Following dozens of drone sightings — and a handful of reports of a "guy in a jetpack" — near Los Angeles International Airport, the Transportation Security Administration will test new technology to spot, track and identify drones in restricted airspace.
The federally funded program would make LAX only the second airport using the "state-of-the-art technology," which is also being tested at Miami International Airport, with plans to expand across the country, according to the TSA's announcement Thursday.
There have been 38 drone sightings this year at LAX, including one within 700 feet of an aircraft, according to the TSA. Since last year, there have been 90 visual sightings and 5,200 technical detections of drones within three miles of LAX.
"While there are many beneficial uses for drones in our society, it is becoming far too common that drones are sighted near airports, which presents significant security risks and unnecessary disruptions to the traveling public," Rep. Lucille Roybal-Allard (D- Downey) said in a statement.
Drones have been a repeated nuisance at LAX, with pilots reporting near misses while landing and taking off.
In 2020, multiple pilots said they had seen someone flying in a jetpack at high altitude near the airport. The reports were never confirmed; the FBI said pilots may have been seeing balloons, and another theory was that the object could have been a drone with a mannequin.

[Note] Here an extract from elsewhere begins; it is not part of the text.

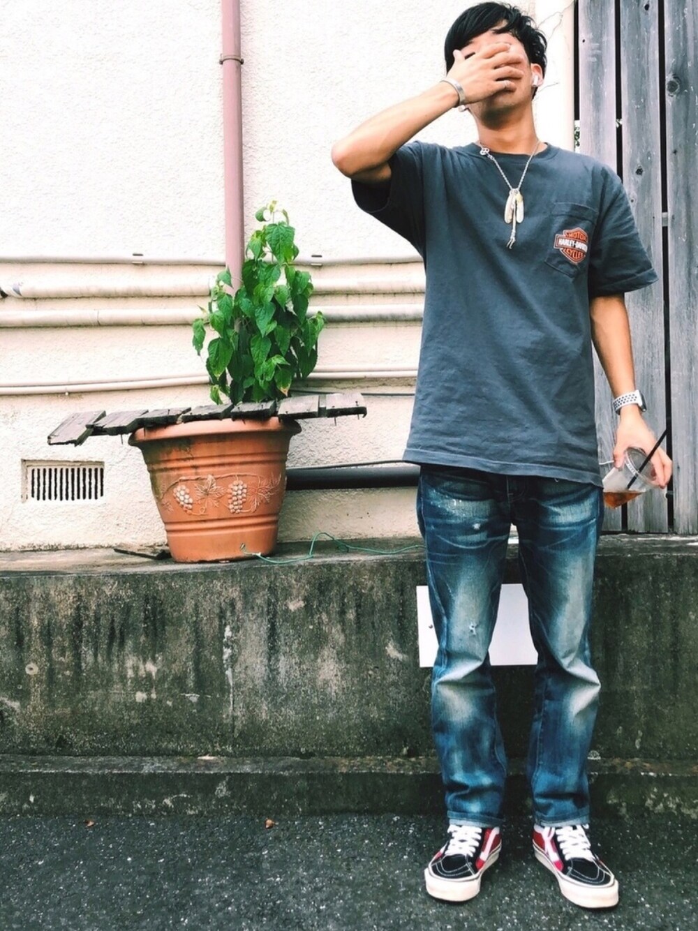 Tops:Harley-Davidson Denim:Levi’s511 古着で買ったハーレーのtシャツがいい色すぎてデニムと相性良すぎ🔥🔥 将来はルイスレザー着てハーレーダビッドソン乗って、20歳になった息子に譲るのが夢。って言えるとかっこいいよね。 ただおじいちゃんになってもかっこよくいたいね。 梅雨が明けてゴローズが映える季節になってきた☀️☀️ ちなみにお気に入りだったゴローズの財布をおととい無くしてここ最近で一番機嫌悪い👎🏾👎🏾 一ヶ月は引きずる予定。

TSA officials decided to test the new technology at LAX because it is one of the busiest airports in the country and because of the number of reported incidents involving drones, TSA Federal Security Director Keith Jeffries said in a statement.
According to the TSA, the program at Miami, which was launched last summer, has detected thousands of drone flights near the airport.
Many drones are equipped with software and GPS systems that prevent users from flying them where they aren't allowed, such as near airports or another restricted airspace, but some users override the safeguards.
Violations of airspace restrictions could lead to civil penalties or criminal charges, according to the Federal Aviation Administration.